Description of the task: Starting at the top of the listing, extract every line up to and including the one with "2年生になると、縄を回す役目". Pictures stay out of the copy.

Data block:

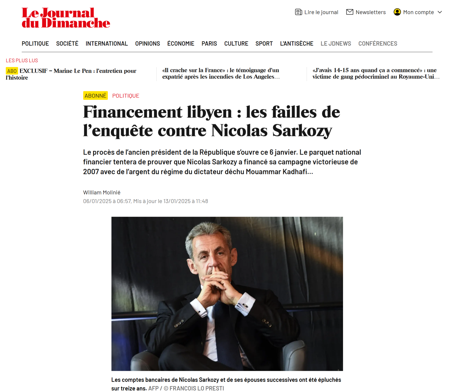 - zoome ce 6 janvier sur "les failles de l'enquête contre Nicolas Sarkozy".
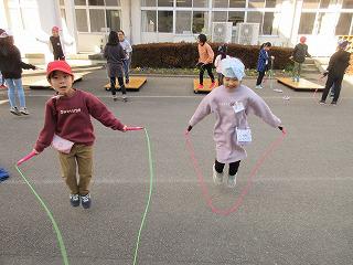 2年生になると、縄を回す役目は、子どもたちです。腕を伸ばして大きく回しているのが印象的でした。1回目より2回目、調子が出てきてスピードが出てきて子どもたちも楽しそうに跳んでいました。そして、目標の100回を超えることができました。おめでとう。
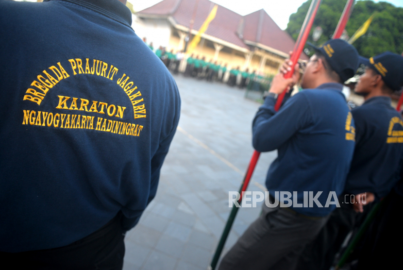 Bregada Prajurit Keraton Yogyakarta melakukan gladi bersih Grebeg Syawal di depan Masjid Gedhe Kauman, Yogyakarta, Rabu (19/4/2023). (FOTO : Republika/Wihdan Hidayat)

Response to the exercise:
 - zoome ce 6 janvier sur "les failles de l'enquête contre Nicolas Sarkozy".
 2年生になると、縄を回す役目は、子どもたちです。腕を伸ばして大きく回しているのが印象的でした。1回目より2回目、調子が出てきてスピードが出てきて子どもたちも楽しそうに跳んでいました。そして、目標の100回を超えることができました。おめでとう。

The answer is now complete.